3-Methylhex-2-ene on reaction with HBr in presence of peroxide forms an addition product (A). The number of possible stereoisomers for 'A' is _______.

3-Methylhex-2-ene: $$CH_3CH=C(CH_3)CH_2CH_2CH_3$$

In the presence of peroxides, HBr adds via anti-Markovnikov (free radical) mechanism. The Br adds to the less substituted carbon of the double bond.

The product is: $$CH_3CHBr-CH(CH_3)-CH_2CH_2CH_3$$ (Br on C-2).

Let's check for stereocenters:

C-2: $$CHBr$$ bonded to $$CH_3$$, $$H$$, $$Br$$, and $$CH(CH_3)CH_2CH_2CH_3$$ — this is a chiral center.

C-3: $$CH(CH_3)$$ bonded to $$CH_3$$, $$H$$, $$CHBrCH_3$$, and $$CH_2CH_2CH_3$$ — this is a chiral center.

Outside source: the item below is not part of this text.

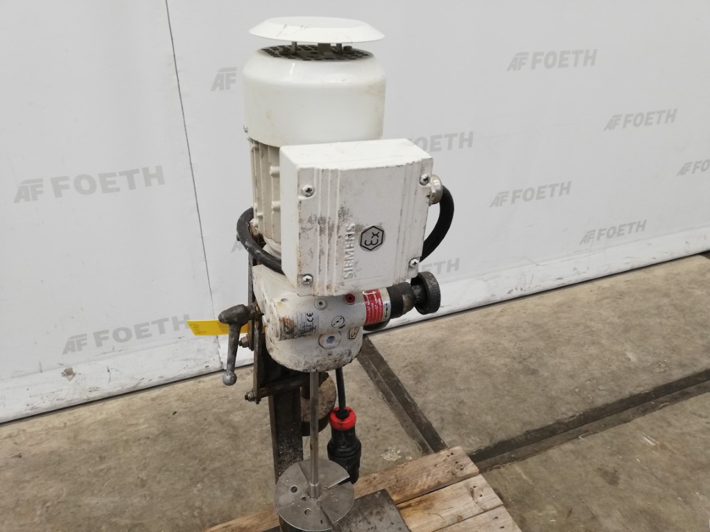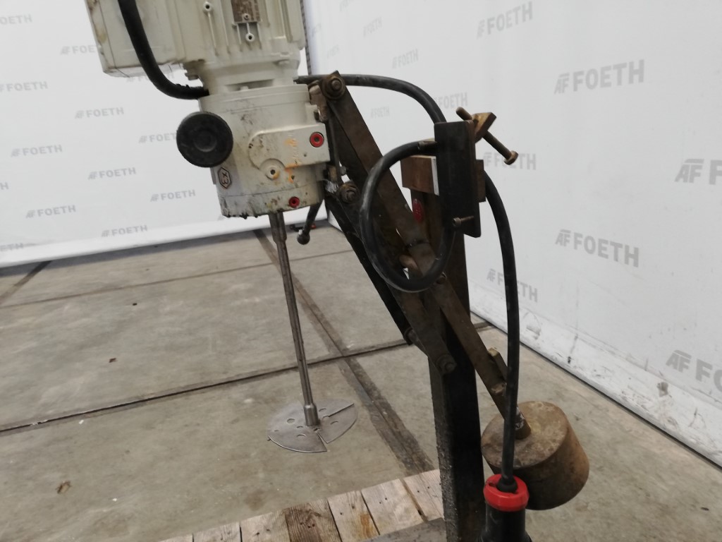 General SKU201T015 MakeUnnown, manufacturer plate is missing LocationBarneveld Main Features MaterialStainless steel Motor0.25 KW Length300 mm Specified Features - Stirrer Stirrercheck Dissolver stirrercheck Shaft length300 mm Sizes stirring headØ125x13 mm Number of stirrers on shaft1 Motor0.25 kW 230/400 Volt (Ex) With variable speed drivecheck Speed mixing shaft0-600 rpm Mounted on supportcheck Adjustable heightcheck MaterialStainless steel Information Floorspace0,7x0,5 m Total height1,1 m Weight80 Kg ATEX compatiblecheckStirrers-Mixers > StirrersBrand > - What you can expect from Foeth: -- Machine is in working condition -- At a reduced price compared to new -- Ready for shipping to any destination worldwide -- You are welcome to inspect the machine in Barneveld, The Netherlands. Please visit us in Barneveld for many more machines!

With 2 chiral centers, the maximum number of stereoisomers = $$2^2 = 4$$.

Since the two chiral centers have different substituents (they are not equivalent), all 4 stereoisomers are distinct (no meso form).

The number of possible stereoisomers is $$\boxed{4}$$.